Task item. Collect all lines below with the string "Board".

Data to process.
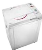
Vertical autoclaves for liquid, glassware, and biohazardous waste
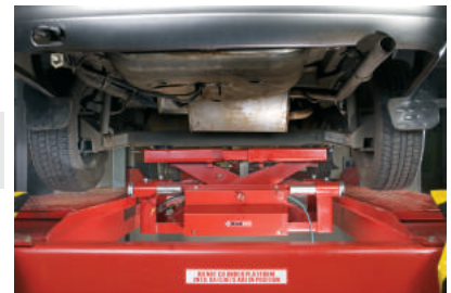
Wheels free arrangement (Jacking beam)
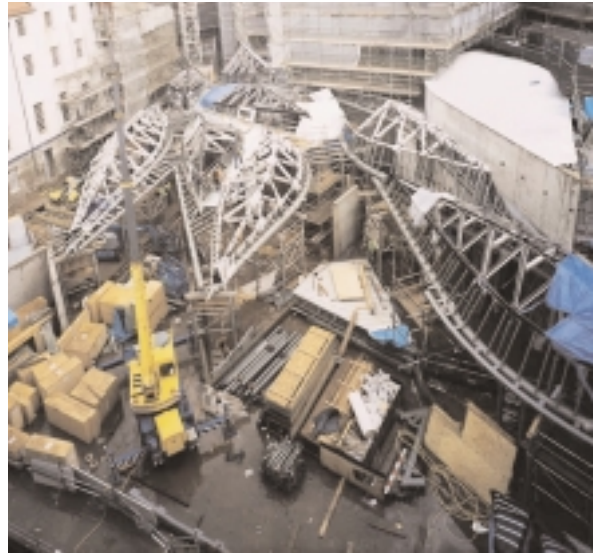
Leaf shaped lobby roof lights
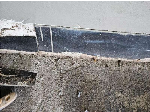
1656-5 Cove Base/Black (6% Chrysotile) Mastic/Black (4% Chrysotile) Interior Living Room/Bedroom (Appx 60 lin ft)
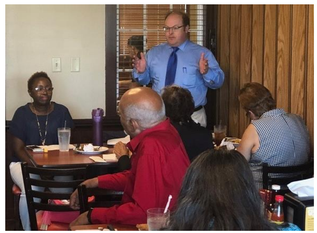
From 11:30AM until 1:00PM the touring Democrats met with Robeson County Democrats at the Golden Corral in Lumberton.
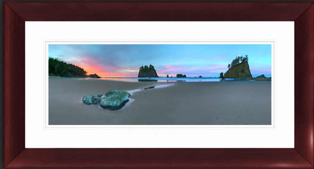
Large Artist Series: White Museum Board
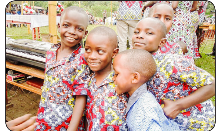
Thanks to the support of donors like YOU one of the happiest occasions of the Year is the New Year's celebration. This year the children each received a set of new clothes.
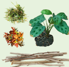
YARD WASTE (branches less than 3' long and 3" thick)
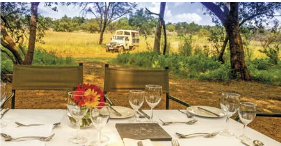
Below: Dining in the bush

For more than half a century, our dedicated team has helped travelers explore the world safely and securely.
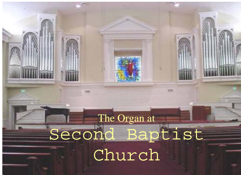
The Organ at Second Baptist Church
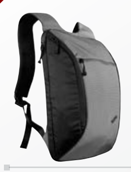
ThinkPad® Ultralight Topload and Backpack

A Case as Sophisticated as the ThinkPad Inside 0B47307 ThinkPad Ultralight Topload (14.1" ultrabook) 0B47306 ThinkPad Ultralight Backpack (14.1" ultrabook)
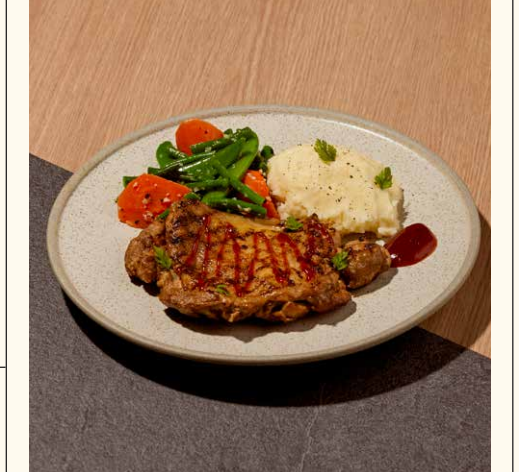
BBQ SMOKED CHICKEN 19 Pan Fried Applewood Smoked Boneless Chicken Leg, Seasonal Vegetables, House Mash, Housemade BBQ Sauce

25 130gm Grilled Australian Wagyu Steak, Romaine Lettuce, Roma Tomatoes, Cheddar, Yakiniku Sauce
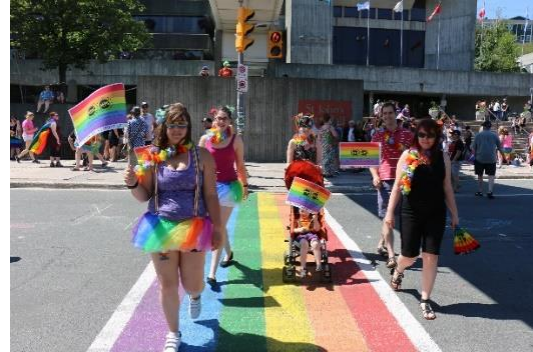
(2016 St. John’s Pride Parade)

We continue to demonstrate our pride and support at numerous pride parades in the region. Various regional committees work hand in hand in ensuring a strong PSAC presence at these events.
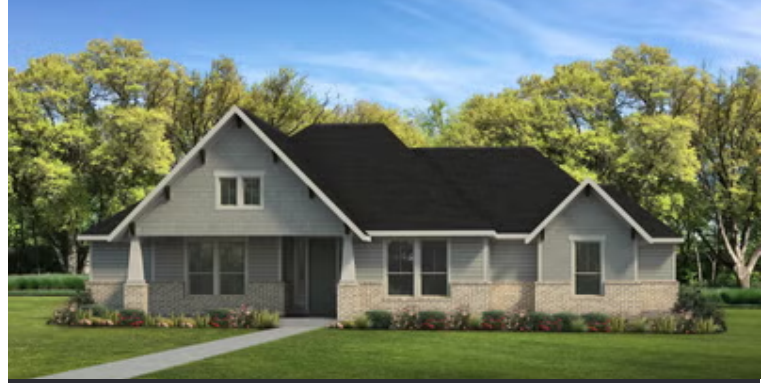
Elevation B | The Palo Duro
---
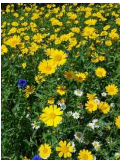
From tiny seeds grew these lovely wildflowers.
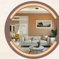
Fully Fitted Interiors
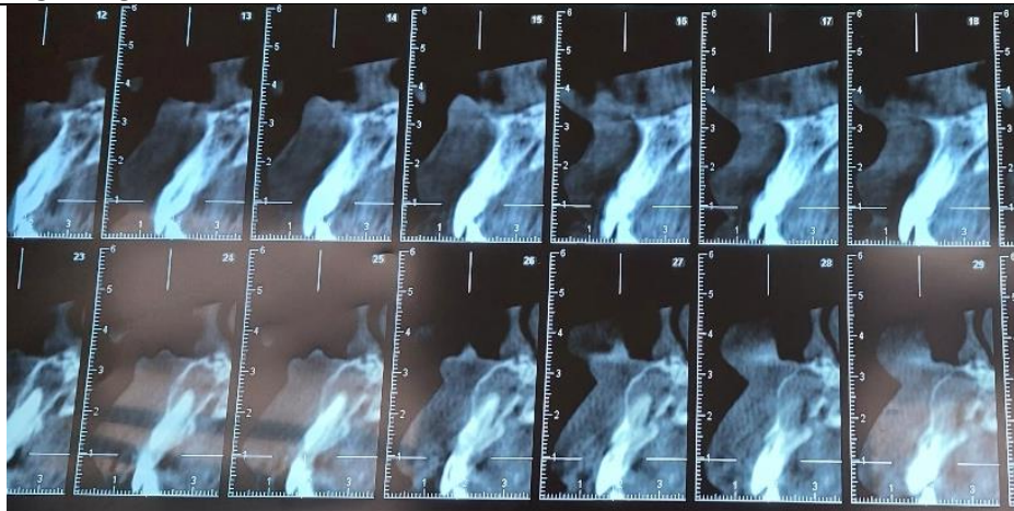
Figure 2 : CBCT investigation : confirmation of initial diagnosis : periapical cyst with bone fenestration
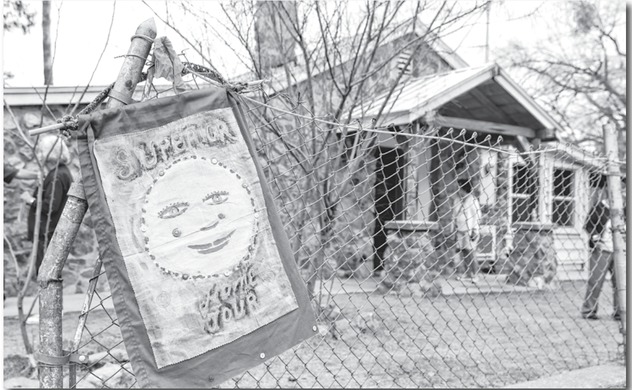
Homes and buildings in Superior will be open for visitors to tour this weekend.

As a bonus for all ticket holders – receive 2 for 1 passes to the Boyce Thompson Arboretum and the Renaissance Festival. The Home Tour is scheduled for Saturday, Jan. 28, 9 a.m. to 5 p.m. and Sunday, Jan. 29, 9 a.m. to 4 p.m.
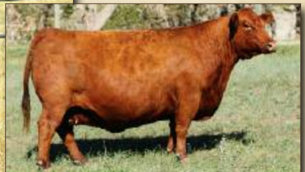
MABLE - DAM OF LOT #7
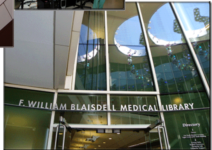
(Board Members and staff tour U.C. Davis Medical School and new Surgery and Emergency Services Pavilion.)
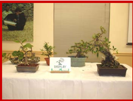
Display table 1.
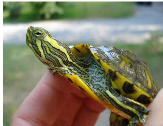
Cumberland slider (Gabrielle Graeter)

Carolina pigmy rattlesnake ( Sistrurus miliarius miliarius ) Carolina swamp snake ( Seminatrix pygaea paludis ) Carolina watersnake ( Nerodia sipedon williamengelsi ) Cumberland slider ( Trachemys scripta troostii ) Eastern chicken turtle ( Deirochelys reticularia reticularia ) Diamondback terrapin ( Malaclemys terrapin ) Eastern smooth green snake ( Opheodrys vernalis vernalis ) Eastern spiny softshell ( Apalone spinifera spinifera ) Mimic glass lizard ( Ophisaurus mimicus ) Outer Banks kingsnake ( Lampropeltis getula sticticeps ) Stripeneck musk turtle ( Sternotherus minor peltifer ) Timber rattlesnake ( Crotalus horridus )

Answer space.
Large Artist Series: White Museum Board
(Board Members and staff tour U.C. Davis Medical School and new Surgery and Emergency Services Pavilion.)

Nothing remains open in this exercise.